The present structure replaced the 14th-century Salford Old Bridge, at the time the oldest in the region, Salford Old Bridge's exact age is unknown. The Lancashire and Cheshire Antiquarian Society estimated that it was built sometime around 1365 to 1368, as it appears in the will of Thomas del Bothe, a yeoman from Barton who bequeathed it £30. Salford Old Bridge was built at the site of a ford, from which the town took its name; Salford is derived from the Old English word Sealhford, meaning a ford by the willow trees or sallows, which at the time grew alongside the Irwell's banks.

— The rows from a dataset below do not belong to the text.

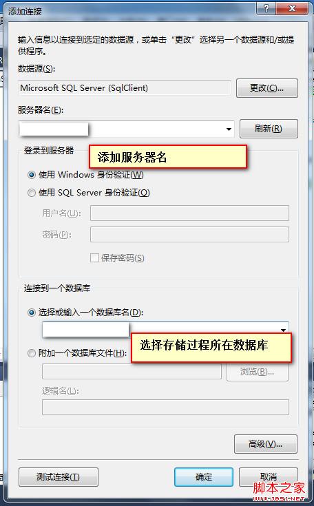 選擇存儲過程所在的服務(wù)器和數(shù)據(jù)庫
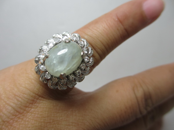 แหวนทับทิมขาว น้ำหนัก ประมาณ 6-7 กะรัต ล้อมเพชร ตัวเรือนทองขาวโบราณ (ปาหะ) หนักรวม 7.89 กรัม งานชิ้นนี้สวย ใหญ่เต็มตา ใส่เต็มนิ้ว รับรองคนทักแน่นอน (รับประกัน)
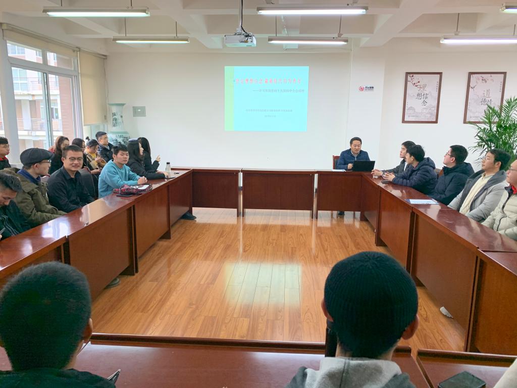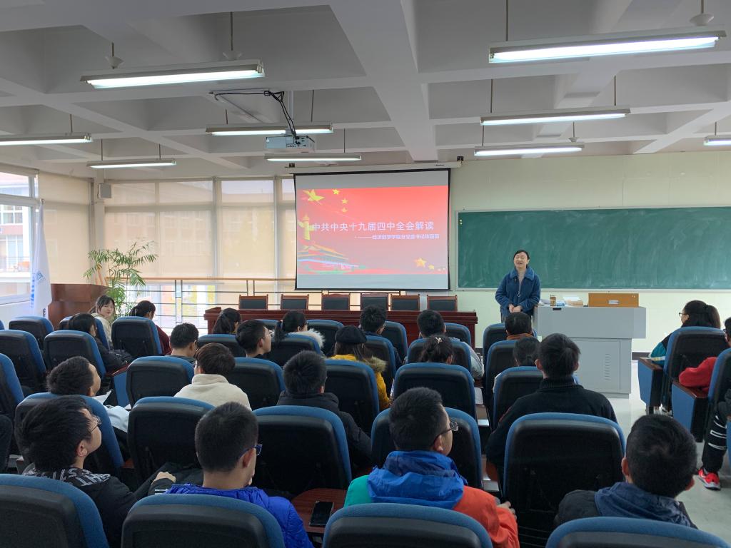 在思想政治课上,陈茵茵书记和马敬堂院长分别介绍党的十九届四中全会的基本情况,带领学生认真学习了《中共中央关于坚持和完善中国特色社会主义制度 推动国家治理体系和治理能力现代化若干重大问题的决定》,详细解读了坚持和完善中国特色社会主义制度、推进国家治理体系和治理能力现代化的重大意义和总体要求,对坚持和完善党的领导等十三项制度体系逐一进行讲解,对如何学习贯彻党的十九届四中全会精神进行了深入的探讨。部分班团学生干部走上讲台参加了领读。
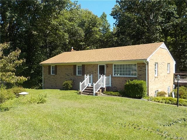 Desirable Maintenance Free Brick Rancher in Chesterfield County on .93 acre lot. Features include a Modern Dimensional Shingle Roof, Updated HVAC(2008) and Vinyl Insulated Replacement Windows. The homes boasts 4 spacious bedrooms and 2.5 bathrooms with hardwood floors and carpet. The Eat In Kitchen has been updated with Modern Cabinets and Modern appliances and has gorgeous Hardwood Floors and opens into a open Bright Sun room. The home has a full basement with a expansive Rec Room with a brick fireplace, Bedroom, Half bath and a large utility room with unfinished area ideal for a workshop or storage. Great outdoor living space with a good size yard, large rear deck for entertaining and 2 detached sheds. Area under deck can be used for a carport as the driveway is paved and leads under deck. You don't want to miss this one!!!!!
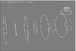 2. Теперь необходимо скопировать получившиеся окружности и распределить их в пространстве. В окне проекций Front (Вид спереди) расположите окружности так, чтобы более крупная была левее более маленькой. Затем выделите обе окружности продублируйте их вправо при помощи движения (<Shift> + манипулятор движе-ния). Количество копий задайте примерно 8, а тип копий — Copy (Автономная ко-пия). В результате должно получиться примерно то, что показано на рис. 3.107.
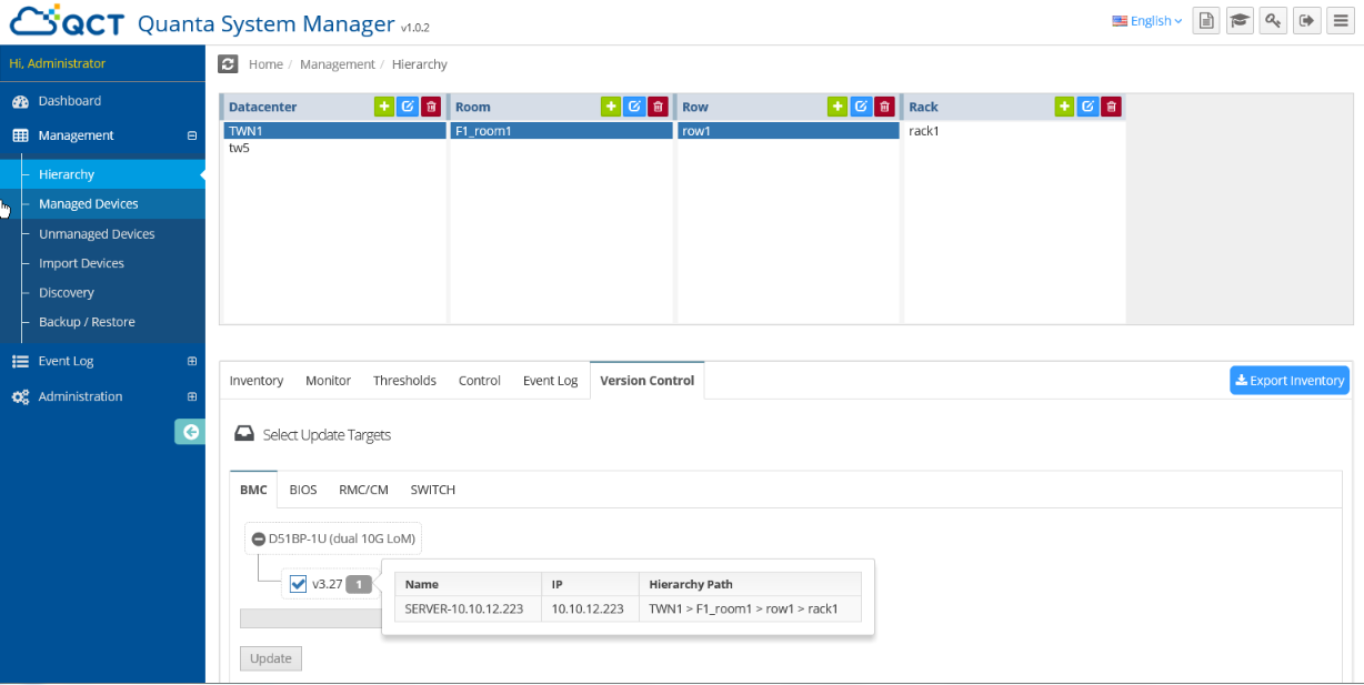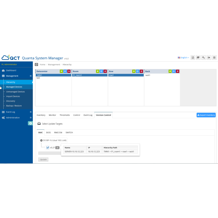 With a hierarchical structure view, Quanta System Manager helps administrators find out a specific system and identify where it located in datacenter easily. This design improves IT administrator working efficiency by converging management of server and networking devices.

A narrow stone bridge with three gothic arches, it housed a chapel built by del Bothe on the middle pier. This was rebuilt in 1505 and was later used as a jail. The bridge was the site of a notable incident during the English Civil War, when Royalist Salford used it to mount a short-lived siege of Parliamentarian Manchester.

The 16th-century antiquary John Leland called the old bridge "the best of III arches", and referred to del Bothe's building as "a praty litle chapel". A list of bridges published in 1781 lists it as "a firm commodious bridge", widened along the south side in about 1730, and with the jail's removal, on the north side in 1779. By the 19th century, however, the bridge's narrow design was viewed as an impediment. Its fate was decided at the Quarter Sessions for the Hundred of Salford in October 1836. There it was agreed that it should be replaced, and so in September the following year it was closed (a temporary wooden crossing was provided for pedestrians) and over the next six months, demolished. Bradshaw's Manchester Journal describes its construction as narrow, steeply-sloped and rudimentary, quoting an excerpt from the 27 March 1839 edition of the Manchester Guardian:

On removing the key-stones of the arch on the Salford side, the whole of the masonry from the keystone to the centre pier fell over at once into the river, precipitating three or four of the workmen into the water; but fortunately none of them received any more serious injury than a considerable fright and a thorough ducking. On examining the centre pier, it was found to be quite untouched and unshaken, each of the three arches having merely pressed upon or rested against the outer surfaces of the piers and abutments.

===Construction===
The new bridge's first stone was laid on 31 March 1838 by Elkanah Armitage, Boroughreeve of Salford. Inclement weather caused several construction delays, but the final stone was laid almost a year later on 23 March 1839, by Sir Humphrey de Trafford, 2nd Baronet. The bridge cost £10,800 to build, although as changes were made to its approaches on both sides of the river, the total cost was £20,800.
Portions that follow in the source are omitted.